■ **Work request**
When you reach the line containing "انگشتری که برایتان" in the data below, begin returning lines exactly as written, and stop once the line containing "This W.R. Case" has been returned.

■ **Task material**
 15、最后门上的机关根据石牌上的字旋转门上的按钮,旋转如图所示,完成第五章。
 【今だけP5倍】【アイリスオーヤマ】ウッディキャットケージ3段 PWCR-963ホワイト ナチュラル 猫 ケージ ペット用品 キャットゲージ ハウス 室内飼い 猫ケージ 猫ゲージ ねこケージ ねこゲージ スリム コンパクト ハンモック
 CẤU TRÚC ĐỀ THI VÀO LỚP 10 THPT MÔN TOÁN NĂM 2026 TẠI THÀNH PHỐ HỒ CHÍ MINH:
--
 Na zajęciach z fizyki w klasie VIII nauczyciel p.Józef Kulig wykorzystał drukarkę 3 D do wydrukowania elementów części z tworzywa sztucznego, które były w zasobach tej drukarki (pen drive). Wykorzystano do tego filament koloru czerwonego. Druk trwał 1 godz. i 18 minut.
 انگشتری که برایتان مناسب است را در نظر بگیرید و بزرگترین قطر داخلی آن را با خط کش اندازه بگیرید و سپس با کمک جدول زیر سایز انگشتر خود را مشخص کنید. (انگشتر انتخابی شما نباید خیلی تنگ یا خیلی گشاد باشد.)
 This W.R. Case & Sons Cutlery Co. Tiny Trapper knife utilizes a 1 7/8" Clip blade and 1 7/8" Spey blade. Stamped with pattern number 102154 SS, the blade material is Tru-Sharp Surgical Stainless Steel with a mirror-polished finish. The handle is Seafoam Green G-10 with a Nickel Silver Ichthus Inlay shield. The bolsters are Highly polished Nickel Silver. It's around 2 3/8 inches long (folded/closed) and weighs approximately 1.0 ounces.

■ **Final answer**
 انگشتری که برایتان مناسب است را در نظر بگیرید و بزرگترین قطر داخلی آن را با خط کش اندازه بگیرید و سپس با کمک جدول زیر سایز انگشتر خود را مشخص کنید. (انگشتر انتخابی شما نباید خیلی تنگ یا خیلی گشاد باشد.)
 This W.R. Case & Sons Cutlery Co. Tiny Trapper knife utilizes a 1 7/8" Clip blade and 1 7/8" Spey blade. Stamped with pattern number 102154 SS, the blade material is Tru-Sharp Surgical Stainless Steel with a mirror-polished finish. The handle is Seafoam Green G-10 with a Nickel Silver Ichthus Inlay shield. The bolsters are Highly polished Nickel Silver. It's around 2 3/8 inches long (folded/closed) and weighs approximately 1.0 ounces.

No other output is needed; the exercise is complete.